How to maintain and maintain

Regular cleaning: Heat pipe radiators are prone to dust accumulation, especially the gap between the cooling fins. Regularly clean the dust and debris on the surface of the radiator to maintain the heat dissipation effect. Use a soft brush or compressed air for cleaning, and avoid using water or highly corrosive detergents.

Check the heat pipe connection: The connection between the heat pipe and the heat sink is the key to heat conduction. It is necessary to regularly check the firmness of the welding or hot pressing connection to avoid poor contact and reduce the heat dissipation effect.

Avoid excessive impact: Although the heat pipe radiator is strong, it is still necessary to avoid high-intensity impact or pressure to prevent the heat pipe from breaking or leaking.

Ambient temperature control: Make sure that the ambient temperature of the equipment is within the recommended range to avoid overheating of the equipment, especially when used in a high temperature environment, to ensure that the heat pipe radiator is not overloaded.

Avoid liquid leakage: The heat pipe is filled with working fluid. Once the heat pipe breaks or leaks, the heat dissipation performance will be greatly reduced. During maintenance, care should be taken to avoid sharp objects from contacting the heat pipe.

Precautions

Installation direction: The installation position and direction of the heat pipe radiator are very critical. When installing, ensure that the evaporation end of the heat pipe faces the heat source and the condensation end faces the heat dissipation fins. The wrong installation direction will affect the working efficiency of the heat pipe.

Appropriate load and operating temperature: The heat pipe radiator has a certain heat load bearing capacity. When using it, it is necessary to follow the operating temperature range provided by the manufacturer to avoid exceeding the design parameters.

Material selection: For different application areas, appropriate heat pipe materials and heat sink materials should be selected according to specific needs. For example, in corrosive environments, materials with stronger corrosion resistance should be selected, such as nickel-plated aluminum alloy or copper materials.

Avoid high-temperature operation: Long-term operation in extremely high temperature environments may reduce the evaporation efficiency of the working fluid inside the heat pipe, affecting the heat dissipation effect. Therefore, the equipment should be kept at high temperatures for a long time.

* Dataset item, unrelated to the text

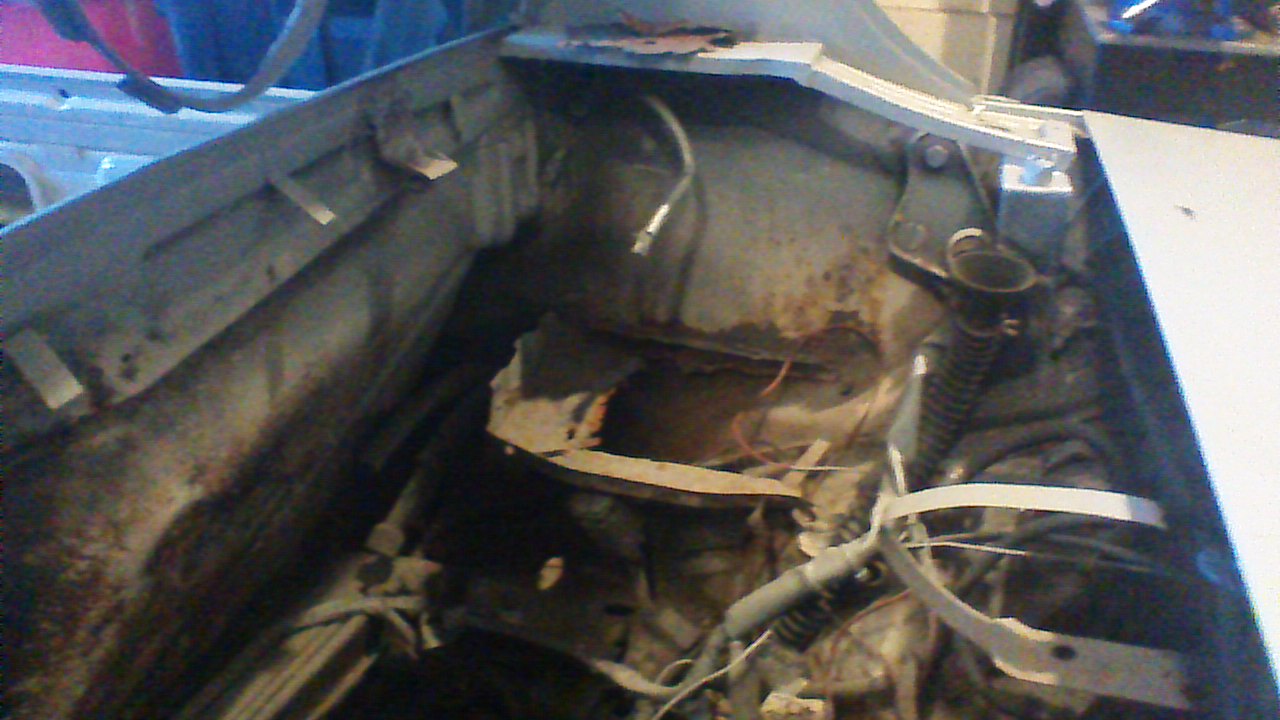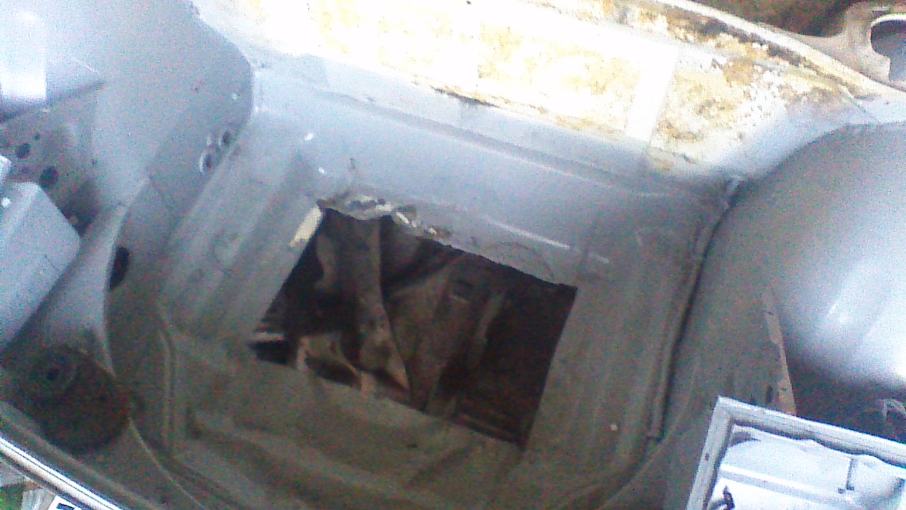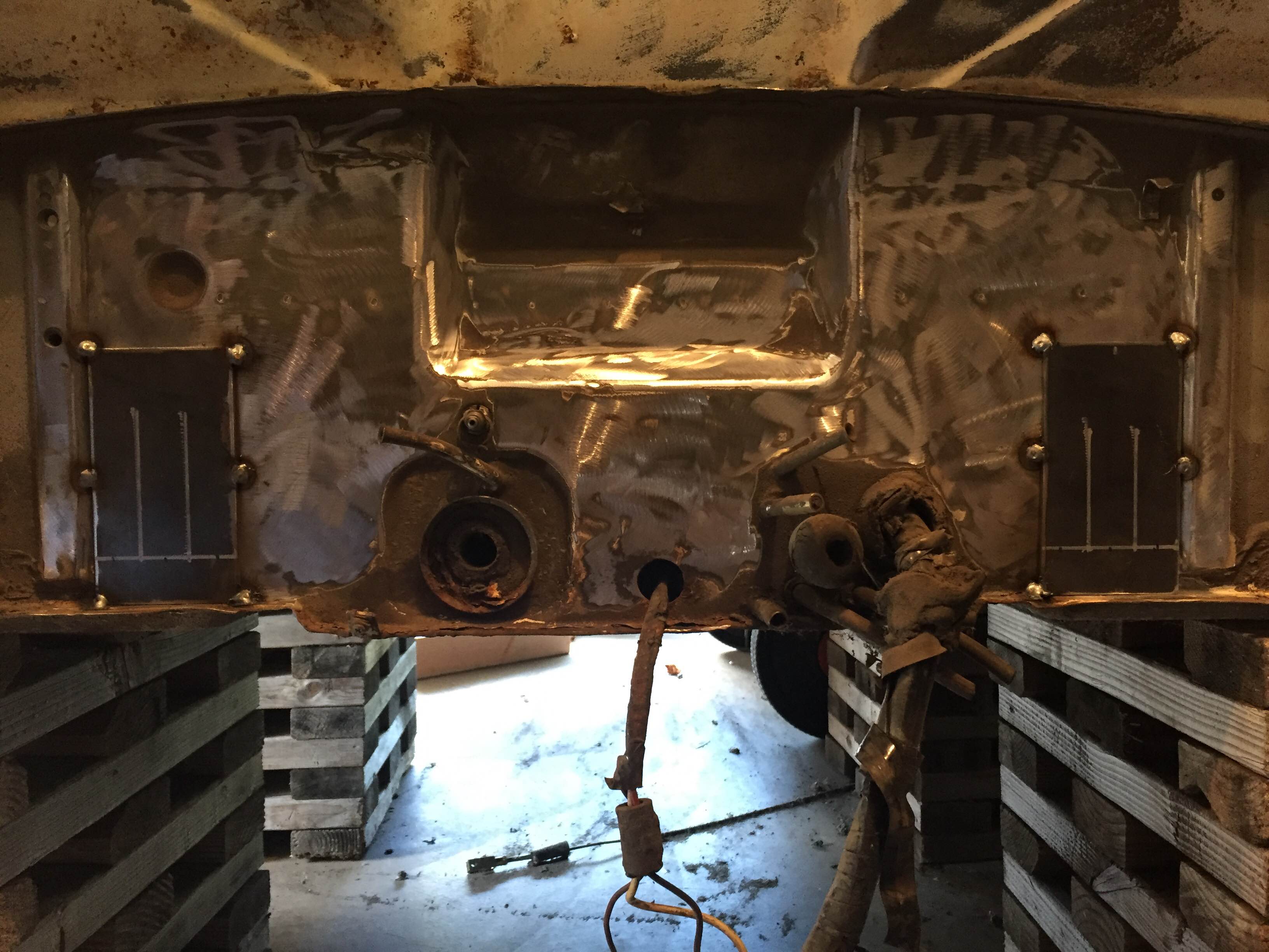 The car is a ’74 1.8L presently on jack stands with both front and rear suspensions removed. Motor and transaxle is removed with plans for a Subaru conversion. Driver side floor pan under the seat has rust which I plan on replacing and of course the battery tray is rusted pretty badly. This was an A/C car so the front trunk had been cutout which I have tacked in a replacement panel from Restoration and Design. The body itself has been blasted and a sealer coat of primer has been applied to protect the metal, by no means is ready for paint by my standards. The underside of the car is as it was from the factory 41 years ago. I have a little surface rust in the trunk area, which is remarkable considering it has spent most of its life in the Pacific Northwest.

Quality certification: When purchasing heat pipe radiators, products with quality certification should be selected to ensure the long-term stability and safety of the radiator.

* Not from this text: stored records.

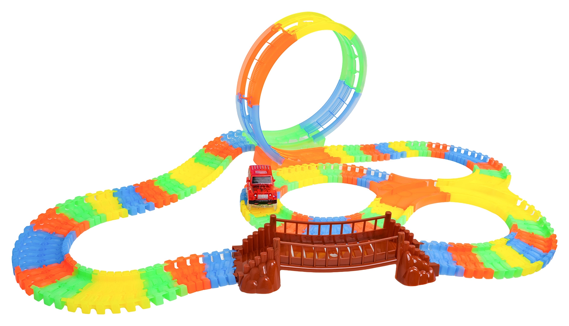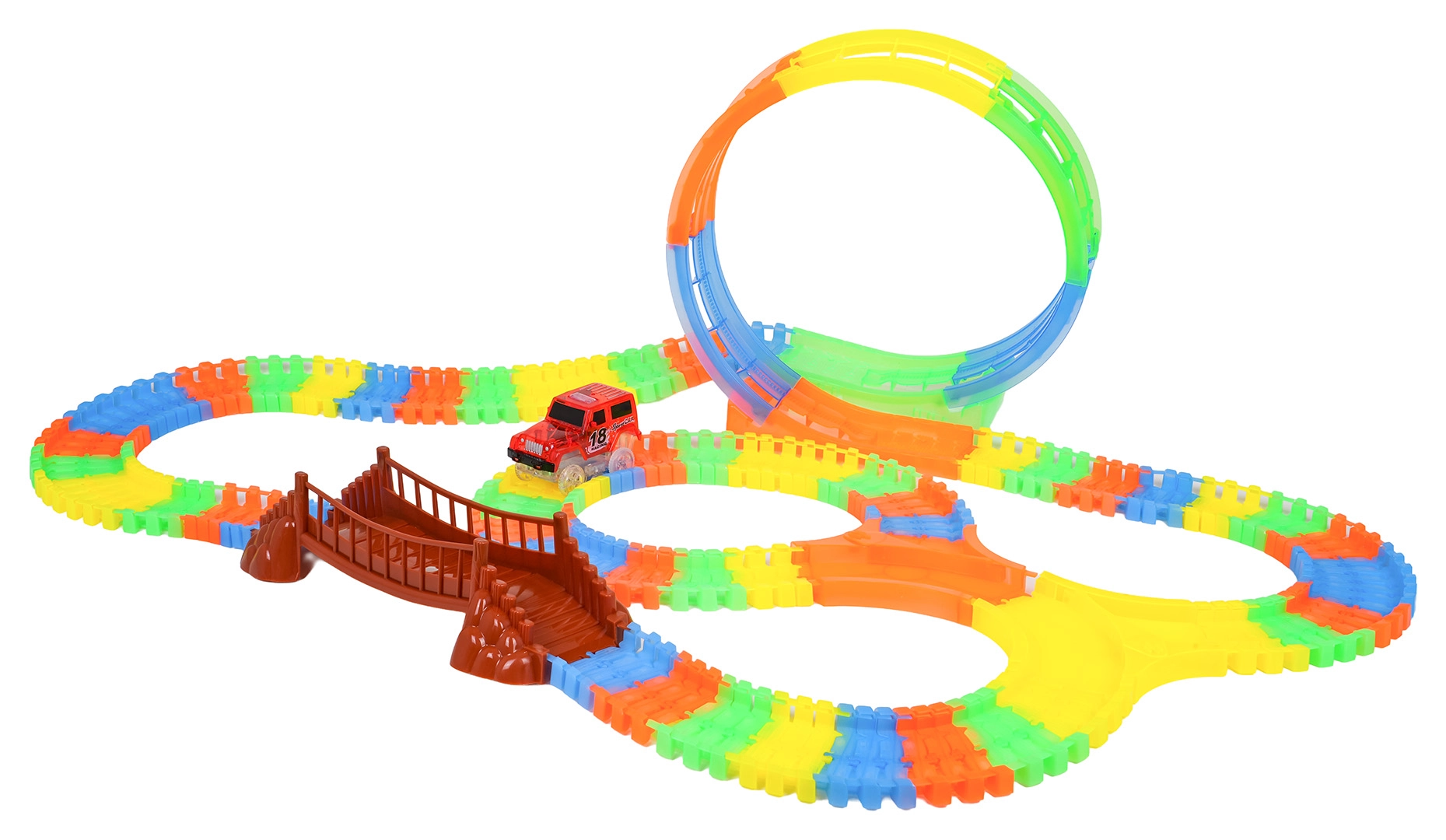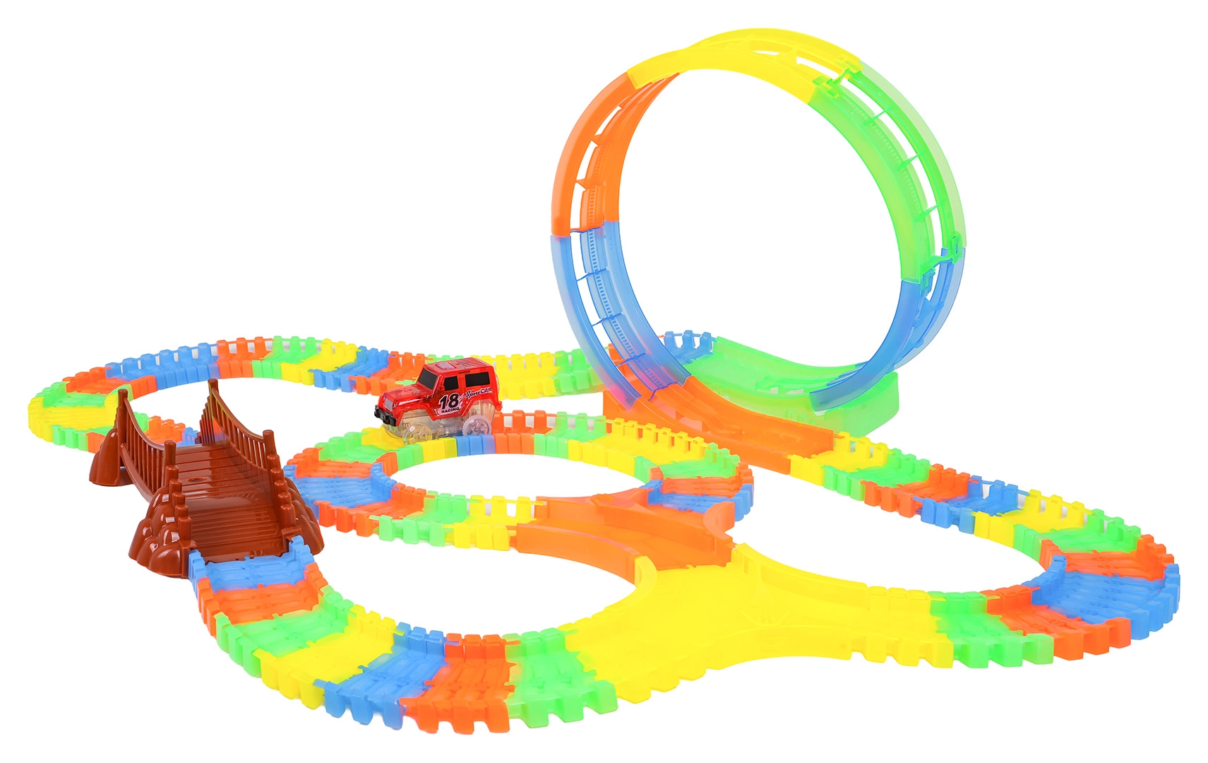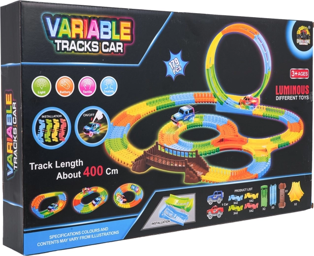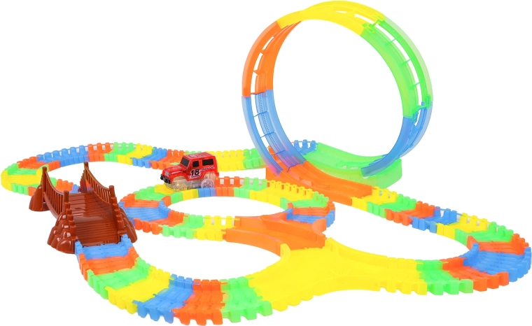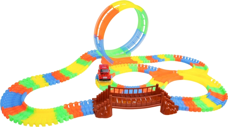 Ši spalvinga trasa pradžiugins vaikus nuo 3 metų. Dėl lanksčių segmentų per akimirką pastatysite tiesiąsias, posūkius, tiltą ir didelę vertikalią kilpą. Fluorescencinė apdaila užtikrina švytėjimo tamsoje efektą, o LED automobilėlis važiuodamas palieka šviesos pėdsaką.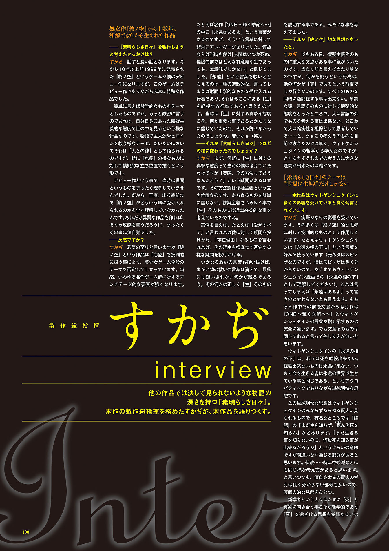 Subarashiki Hibi ~Furenzoku Sonzai~ Official Visual Archive (素晴らしき日々~不連続存在~公式ビジュアルアーカイヴ) is a gorgeous artbook in my opinion, with several pieces made specifically for the book itself, but what intrigues me the most are the "SCA-Ji's Notes" (すかぢ's NOTE) strewn throughout the printing of the CGs, chock-full of commentary and witticisms from the man at the time of production on characters and events in the story, along with a big interview at the end where he discusses the creative process and motives behind the VN as a whole. These make me giddy, I have to admit.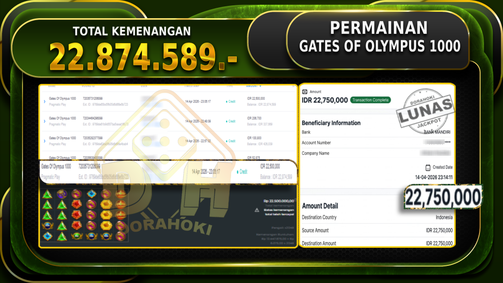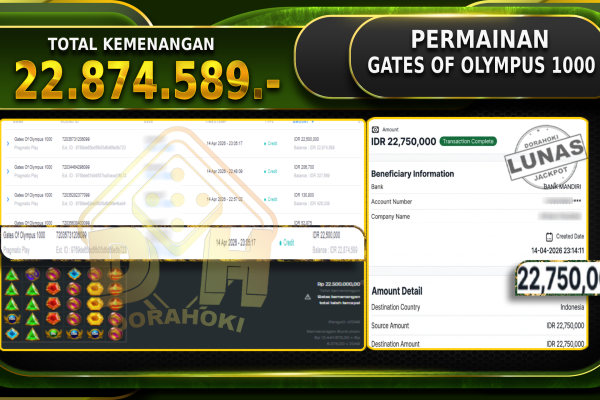 Bukti JP GATES OF OLYMPUS 1000 – ucapkan selamat kepada user id Pamxxxxx atas kemenangan di GATES OF OLYMPUS 1000 dengan total kemenangan Rp.22.874.589,- . Yang pasti nya langsung LUNAS Sesuai Bukti. Kemenangan Berapapun Situs DoraHoki Akan Membayar Lunas ya

Heat pipe radiators are a highly integrated heat dissipation solution that can effectively improve the efficiency of heat transfer and dissipation. Its precision, surface treatment, material selection and reasonable maintenance are the key to ensuring its performance. With the continuous improvement of heat dissipation requirements for electronic equipment and industrial applications, heat pipe radiators will be more widely used in the future.